Sectorally, the report shows a spectacular increase in productivity among workers in the food processing sector. Output by each worker for each hour almost doubled in the decade to 2007 (the most recent year for which figures are presented), reaching more than €65 an hour.

This is far above the EU average and considerably ahead of Denmark, which has long been a model for food producers globally.

Productivity in the chemicals and pharmaceutical sector is exceptional. According to the report, output by a worker for each hour in Ireland stood at €155 in 2007, three times the EU average and double the US average.

“Up to one third of Ireland’s labour productivity growth since 2007 has arisen as a result of a reduction in hours worked,” the report states.

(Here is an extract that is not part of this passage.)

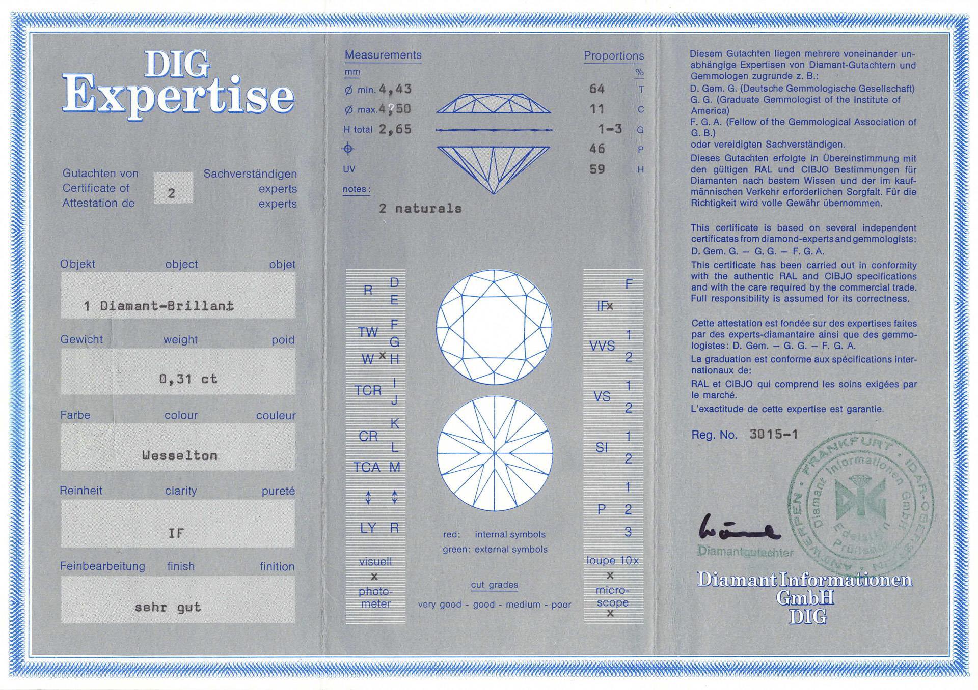 Brillant von 0,31 ct, feines Weiß, IF (frei von inneren Merkmalen) und Feinbearbeitung sehr gut. In Kunststoffhülle plombiert. Zertifikat Registrier-Nr. 3015-1 von: Diamant Informationen GmbH (DIG) Frankfurt a Main.

A very large decline in hours worked in the construction sector, which is traditionally a less productive sector explains much of this. An increase in productivity is one of the two drivers of competitiveness. The other is cost containment.

A separate report published yesterday by the McKinsey Global Institute, an arm of a firm of management consultants, echoed the Forfás/NCC report, saying governments should “continue to invest in education, infrastructure and innovation”.

On export performance, it says Ireland had the “largest trade surplus relative to GDP in knowledge-intensive manufacturing (21.6 per cent of GDP) in our sample of mature economies in 2008”.

It goes on to note, however, that care is needed in interpreting Irish data because “the country is exposed to various complex tax optimisation strategies of multinational companies”.